Extracted records
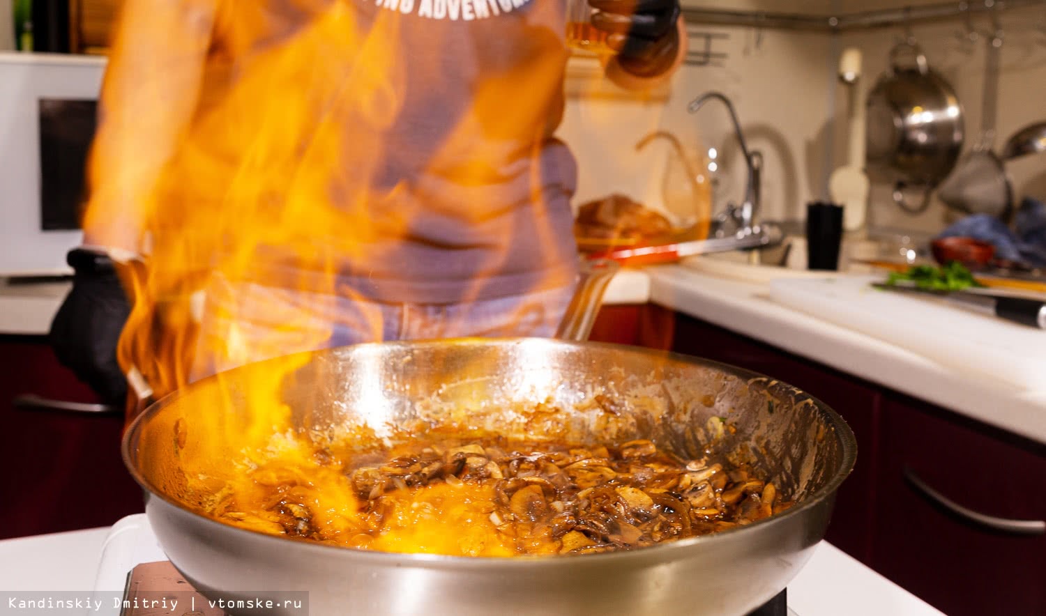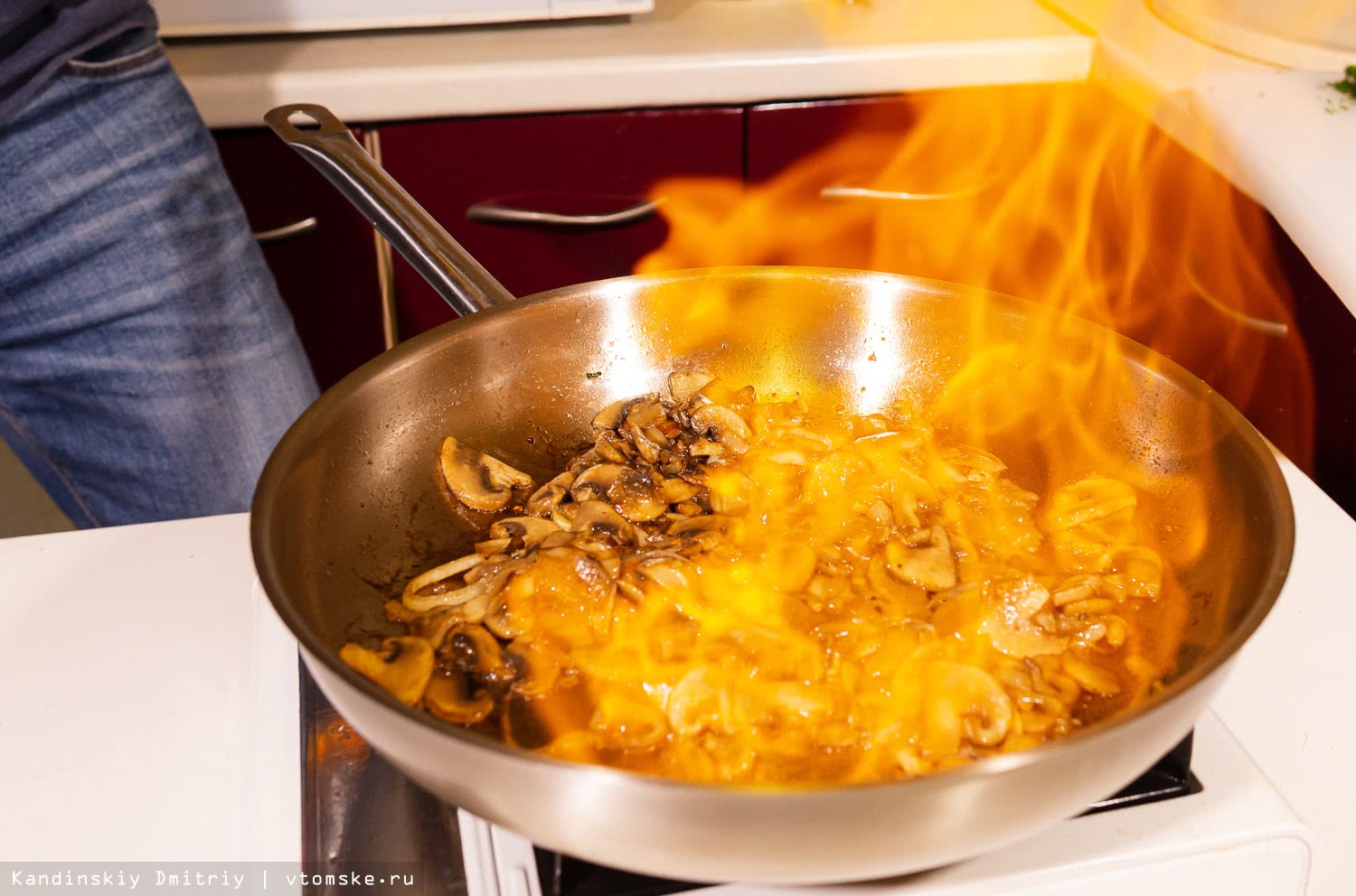 А теперь пришло время для фламбе! Вооружаемся примерно 30 миллилитрами коньяка или бренди, а также зажигалкой. Вливаем в сковороду алкоголь и тут же его поджигаем
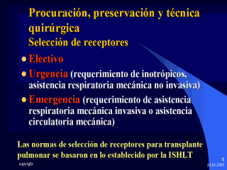 Las normas de selección de receptores para transplante pulmonar se basaron en lo establecido por la ISHLT (10)
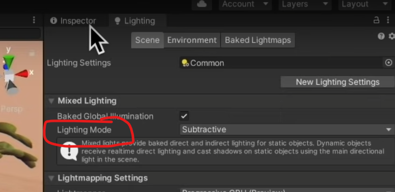 2. [Lighting 패널 / Scene / Mixed Lighting]에서 어떤 혼합 조명 모드를 사용할지 선택해준다.
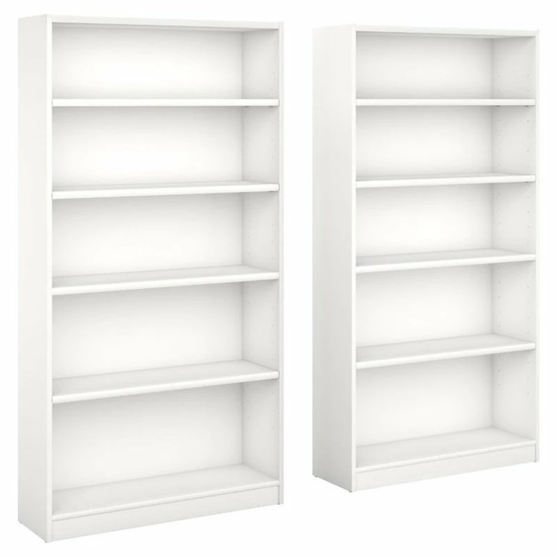 The Bush Furniture Universal Tall 5 Shelf Bookcase – Set of 2 provides a versatile organization solution that allows you to show off your personal library or brighten up the room with pictures and decorations. Each Bookcase has three adjustable shelves that move up and down to accommodate larger items like binders and photo albums while two fixed shelves offer added stability. The sturdy one-inch thick shelves prevent sagging and have a weight capacity of 50 pounds each, so storing magazines, hardcover books, or vinyl records is never a problem. Tip Guard(TM) safety features include a stable design and wall attachment hardware for family-friendly safety in any space. The bookcases have been tested with a 50 pound hanging weight to create a safe environment in any space. This tall bookshelf set meets ANSI/BIFMA standards for safety and performance and is backed by a 1 Year Warranty.
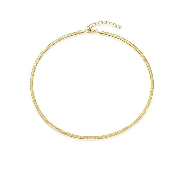 Helia by Saga & Segust captures timeless sophistication with a modern edge. Crafted from premium stainless steel and finished with a radiant 18K gold plating, this herringbone snake chain choker drapes beautifully along the neckline for a sleek, fluid silhouette. The smooth, mirror-like surface reflects light with every movement, embodying effortless elegance. Hypoallergenic, waterproof, and resistant to tarnish, Helia is designed for everyday luxury a versatile essential that elevates any look from day to night.
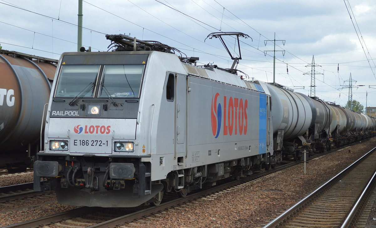 Die polnische Lotos Kolej Sp. z o.o. mit der Rpool "E 186 271-3" [NVR-Number: 91 80 6186 271-3 D-Rpool] und Kesselwagenzug am 17.05.18 Berlin-Wuhlheide.
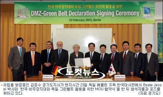 독일을 방문중인 김문수 경기지사는 현지시간 23일 베를린의 독일주재 한국대사관에서 독일연방 자연보전청(BfN-Bundesamt fuer Naturschutz)의 베아테 예쎌 자연보전청장과 ‘경기도-독일자연보전청 DMZ보존활용 양해각서체결식’을 가졌다.
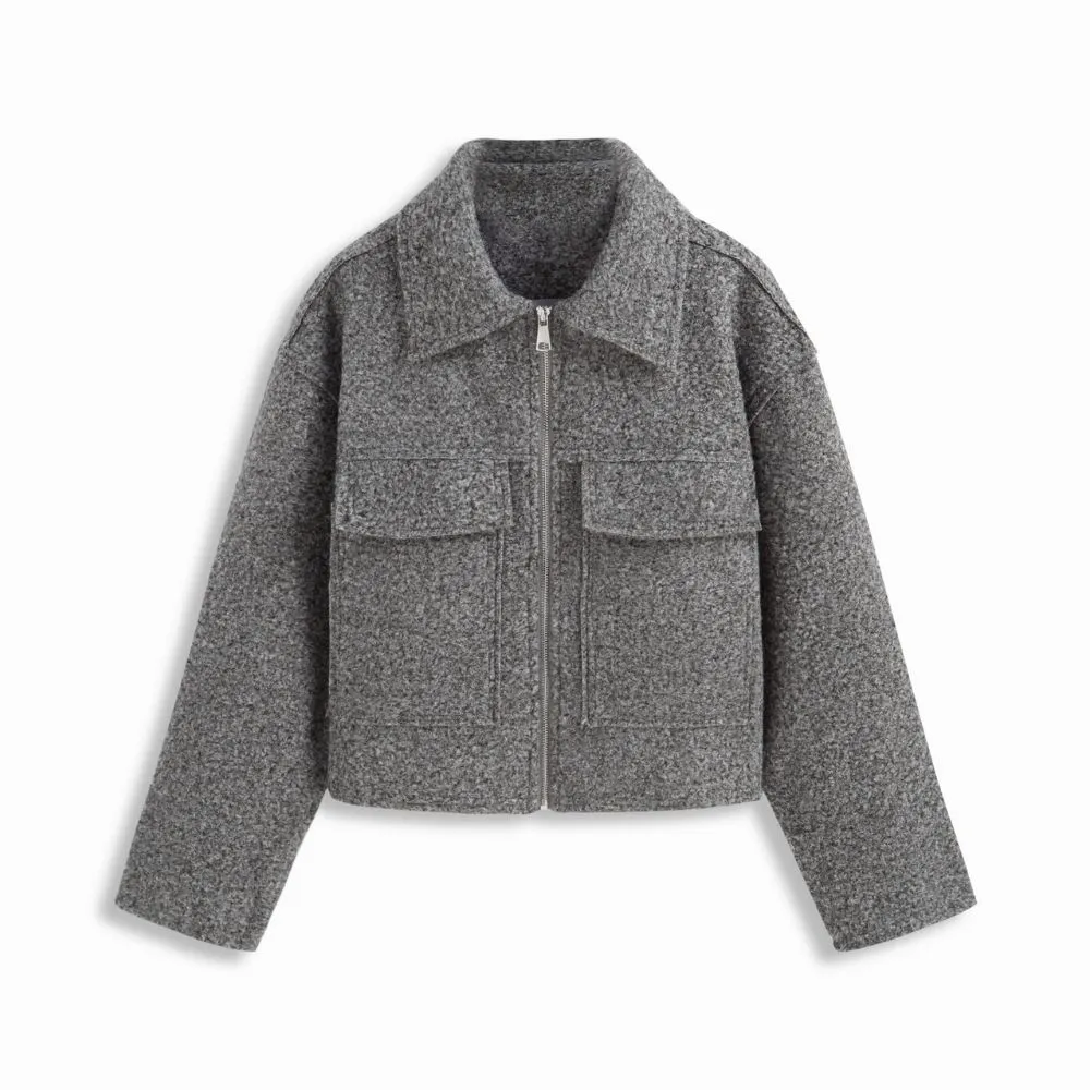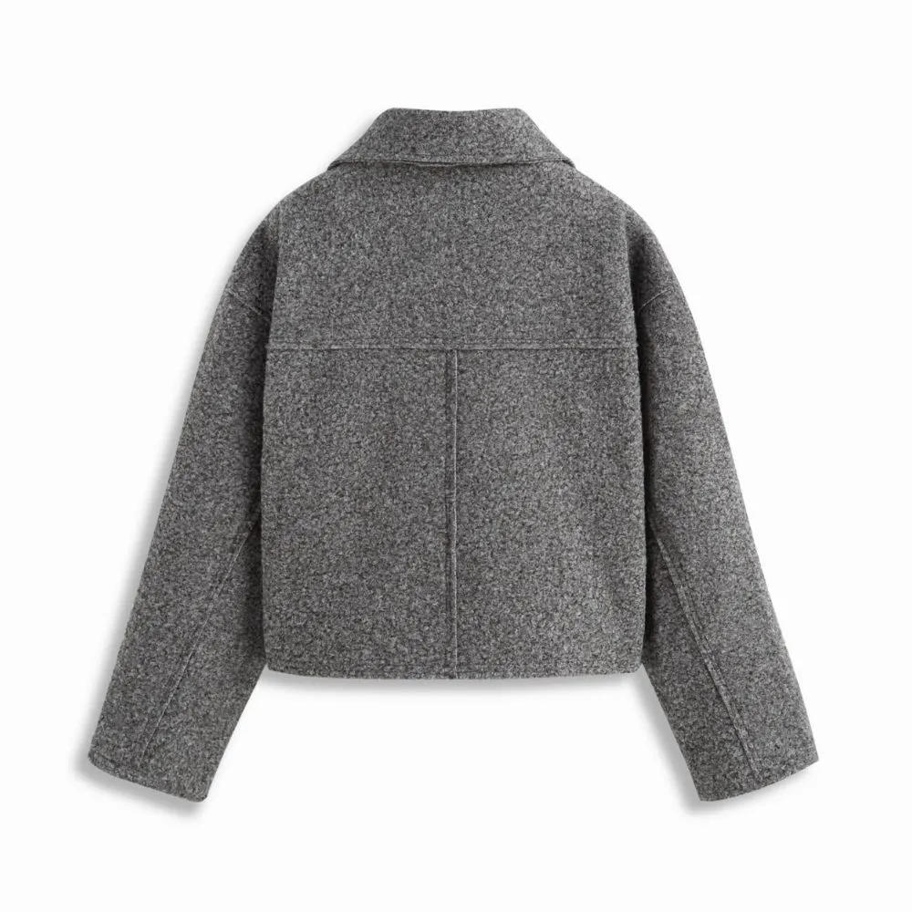 Wool-Style Collar Oversized Full Zip Jacket
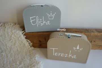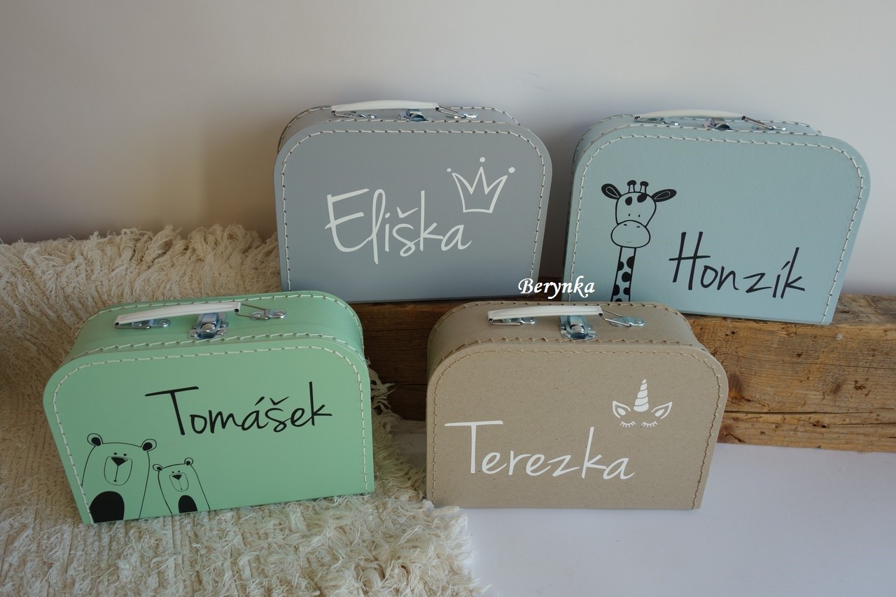 - kufříky jsou v barvách přírodní, šedá, světle modrá, mátová a světle růžová
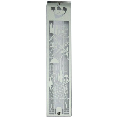 Clear Mezuzah Case With Laser Cut Metal Plate With Jerusalem Design
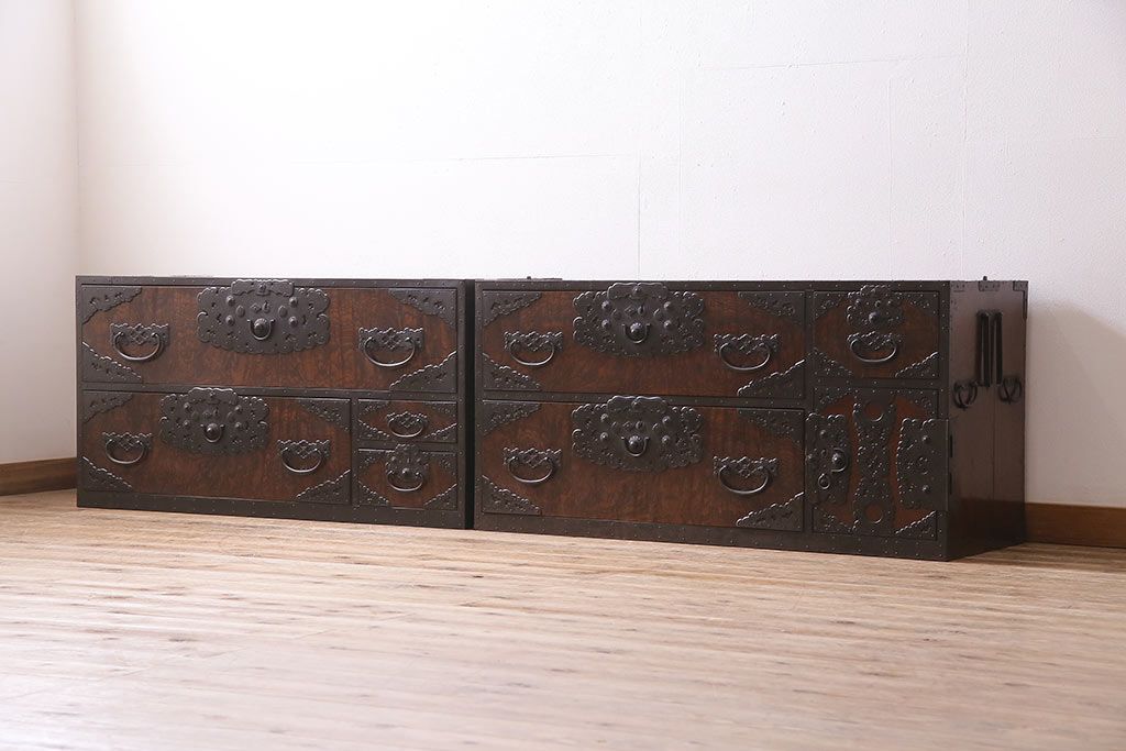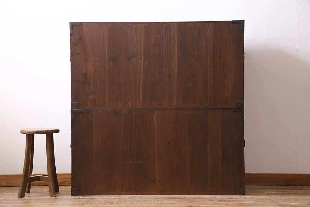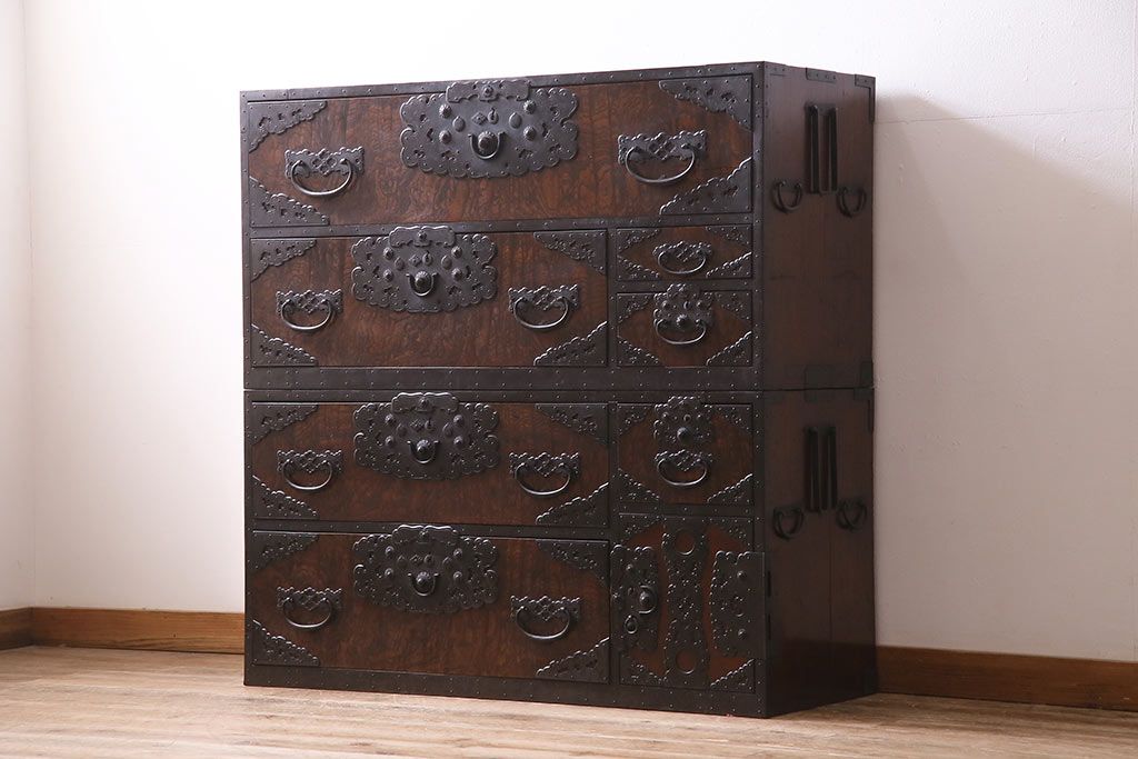 ラフジュ工房> 和箪笥> 衣装箪笥 > アンティーク家具 前面ケヤキ材 玉杢 分厚い金具が目を引く上手物の佐渡小木箪笥(佐渡箪笥、衣装箪笥、重ね箪笥)(R-045038)
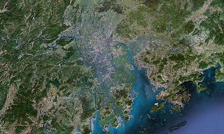 世界上首個巨型城市區誕生,由香港、深圳和廣州組成,生活著大約1億兩千萬人口。圖片來源:NASA。
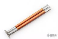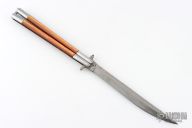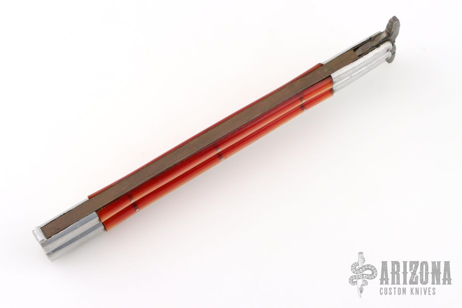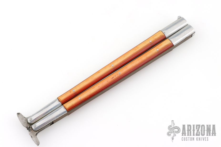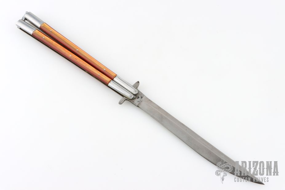 This balisong from the Philippines features a clip point blade. The handle has aluminum bolsters, orange scales, aluminum T-latch. Btass frame. Has a scratches and patina, otherwise good condition.
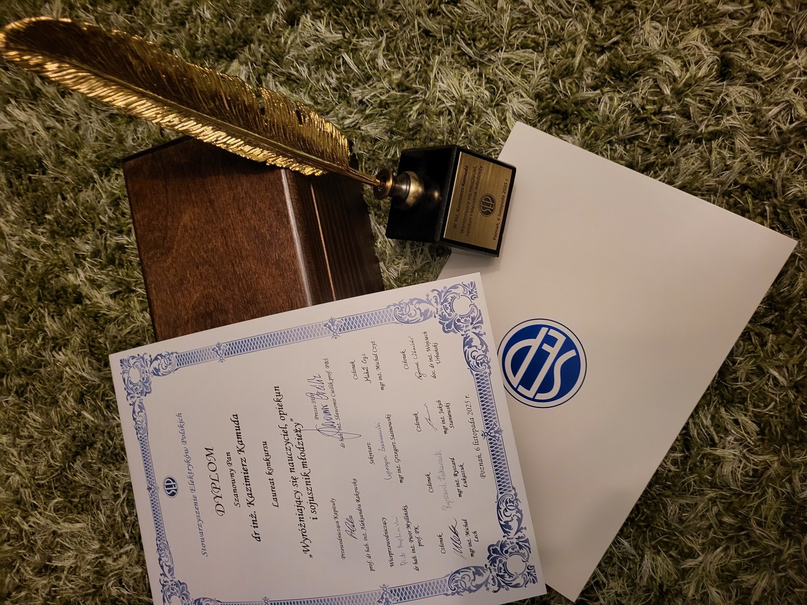 Miło nam poinformować, że Kolega Kazimierz Kamuda został laureatem Konkursu na Wyróżniającego się Nauczyciela, Opiekuna i Sojusznika Młodzieży. To prestiżowe wyróżnienie zostało przyznane przez Kapitułę Konkursową pod przewodnictwem prof. Aleksandry Rakowskiej, powołaną przy Zarządzie Głównym Stowarzyszenia Elektryków Polskich. Wręczenie statuetki oraz dyplomu odbyło się podczas XXVI Ogólnopolskiego Dnia Młodego Elektryka, w dniu 6 listopada 2025 roku, w Poznaniu. Tym samym nazwisko naszego Kolegi zostało wpisane do „Złotej Księgi Wyróżnionych Nauczycieli, Sojuszników i Opiekunów Młodzieży” Zarządu Głównego SEP.

**WORK REQUEST**. Would you please reproduce the entries above, starting at the line with "Die polnische Lotos" and stopping after the line with "Clear Mezuzah Case"? Omit any pictures.

**WRITTEN RESPONSE**.
 Die polnische Lotos Kolej Sp. z o.o. mit der Rpool "E 186 271-3" [NVR-Number: 91 80 6186 271-3 D-Rpool] und Kesselwagenzug am 17.05.18 Berlin-Wuhlheide.
 독일을 방문중인 김문수 경기지사는 현지시간 23일 베를린의 독일주재 한국대사관에서 독일연방 자연보전청(BfN-Bundesamt fuer Naturschutz)의 베아테 예쎌 자연보전청장과 ‘경기도-독일자연보전청 DMZ보존활용 양해각서체결식’을 가졌다.
 Wool-Style Collar Oversized Full Zip Jacket
 - kufříky jsou v barvách přírodní, šedá, světle modrá, mátová a světle růžová
 Clear Mezuzah Case With Laser Cut Metal Plate With Jerusalem Design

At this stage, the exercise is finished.